ROBUST T-OPTIMAL DISCRIMINATING DESIGNS
成果类型:
Article
署名作者:
Dette, Holger; Melas, Viatcheslav B.; Shpilev, Petr
署名单位:
Ruhr University Bochum; Saint Petersburg State University
刊物名称:
ANNALS OF STATISTICS
ISSN/ISSBN:
0090-5364
DOI:
10.1214/13-AOS1117
发表日期:
2013
页码:
1693-1715
关键词:
regression
models
fit
摘要:
This paper considers the problem of constructing optimal discriminating experimental designs for competing regression models on the basis of the T-optimality criterion introduced by Atkinson and Fedorov [Biometrika 62 (1975a) 57-70]. T-optimal designs depend on unknown model parameters and it is demonstrated that these designs are sensitive with respect to misspecification.
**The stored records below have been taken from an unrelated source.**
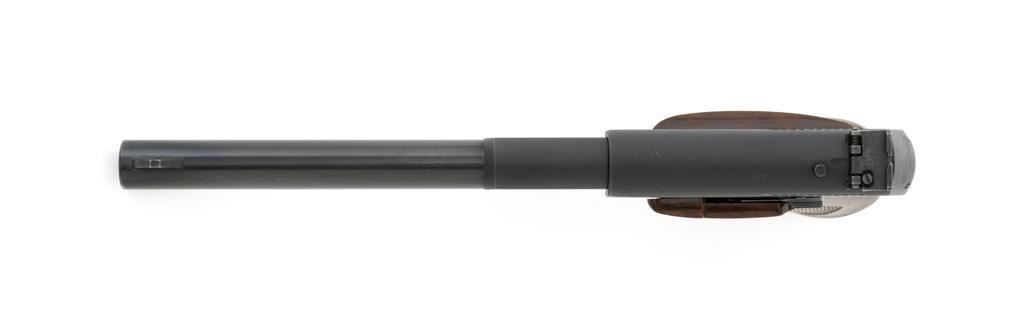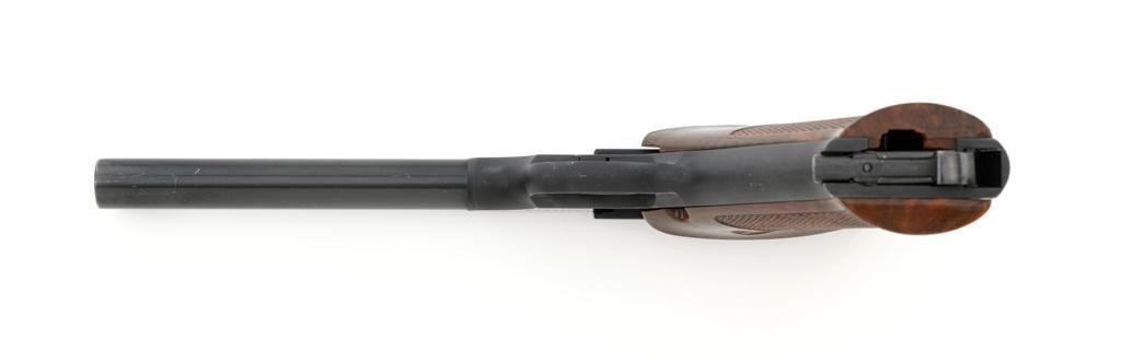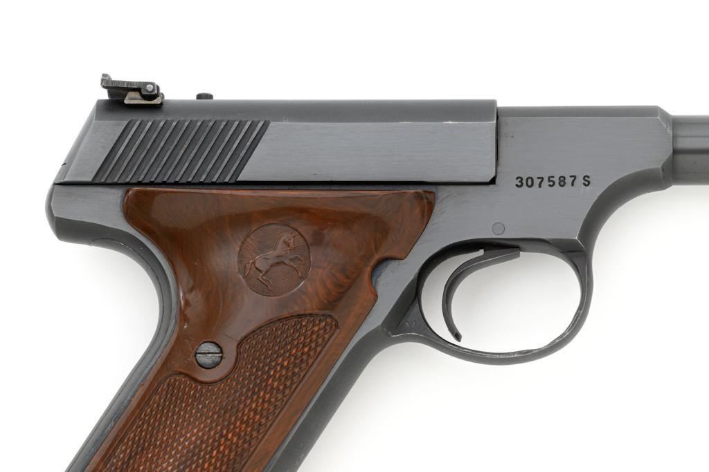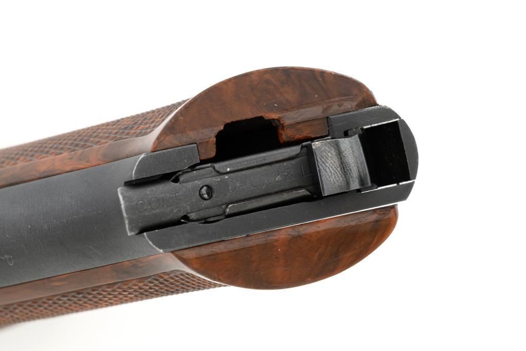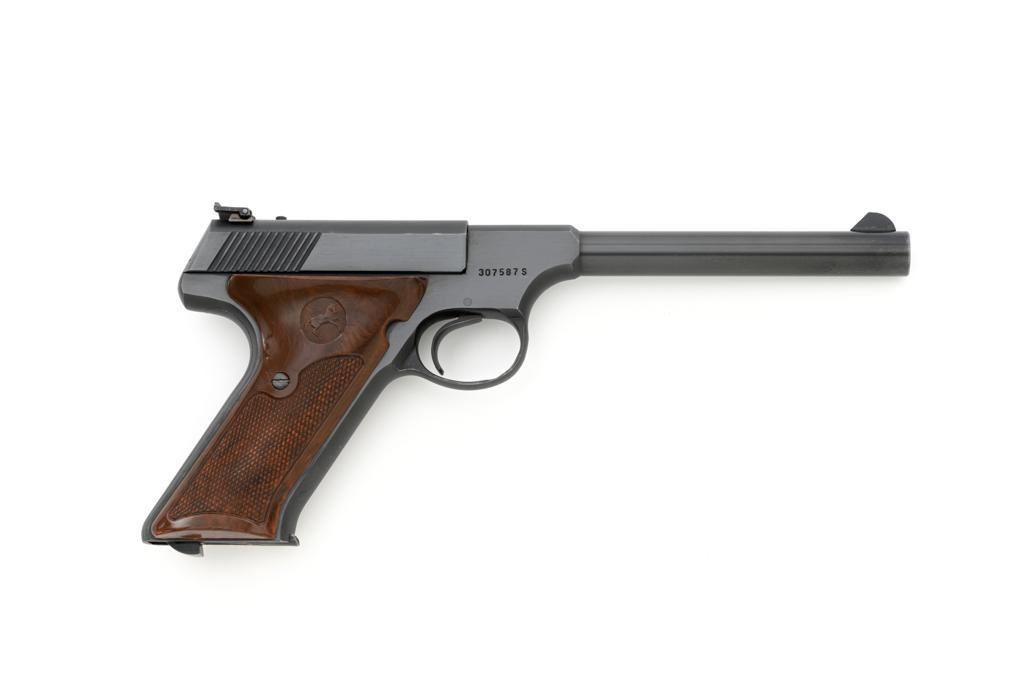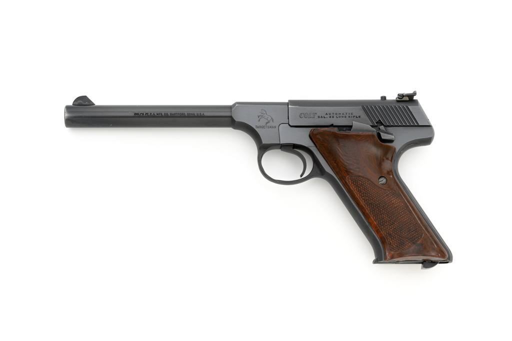 Colt Targetsman Semi-Automatic Pistol, #307587S, .22 LR cal., 6" barrel, blue finish, checkered Coltwood two-piece grips, serrated blade front sight, and adjustable square-notch rear sights, with one 10-round Colt magazine. Mfgd 1976. Pistol is in near excellent overall condition, retaining approx. 97%-98% factory blue, with light wear at the muzzle, and intermittent minor handling marks. Grips are near excellent with sharp checkering detail. Action functions smoothly. Bore is mirror bright with excellent rifling, showing little use. Est.: $400-$600. (Modern/PPT)
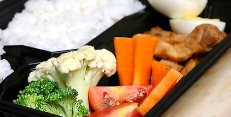 Feel free to experiment with proportions to build well-balanced meals. The traditional bento ratio is 4 parts rice, 2 parts protein, and 1-2 parts fresh veggies and fruit. However, you don’t have to make your bento boxes strictly traditional. The most important aspect of a bento box is that the meal is well-balanced overall, so just try to include something from each food group. If you're on a special diet that requires you to maintain a certain ratio of carbs to protein to veggies/fruit, this can be a great way to measure out proportions according to that diet.
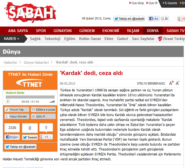 Η εφημερίδα «Sabah» φέρει τίτλο στο σχετικό της άρθρο «Είπε Kardak και τιμωρήθηκε».
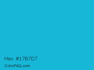 Hex #17b7d7 Color is a normal cyan color and the nearest color is Battery Charged Blue #1dacd6. Hex code #17b7d7 and RGB value is rgb(23,183,215). In RGB color space, this color is composed of 9% red, 72% green, 84% blue, In CMYK color space, this color is composed of 89% cyan, 15% magenta, 0% yellow , 16% black , In HSL color space, this color has a hue angle of 190° , 81% saturation and 47% lightness.

As a solution to this problem we propose a Bayesian and standardized maximin approach to construct robust and efficient discriminating designs on the basis of the T-optimality criterion. It is shown that the corresponding Bayesian and standardized maximin optimality criteria are closely related to linear optimality criteria. For the problem of discriminating between two polynomial regression models which differ in the degree by two the robust T-optimal discriminating designs can be found explicitly. The results are illustrated in several examples.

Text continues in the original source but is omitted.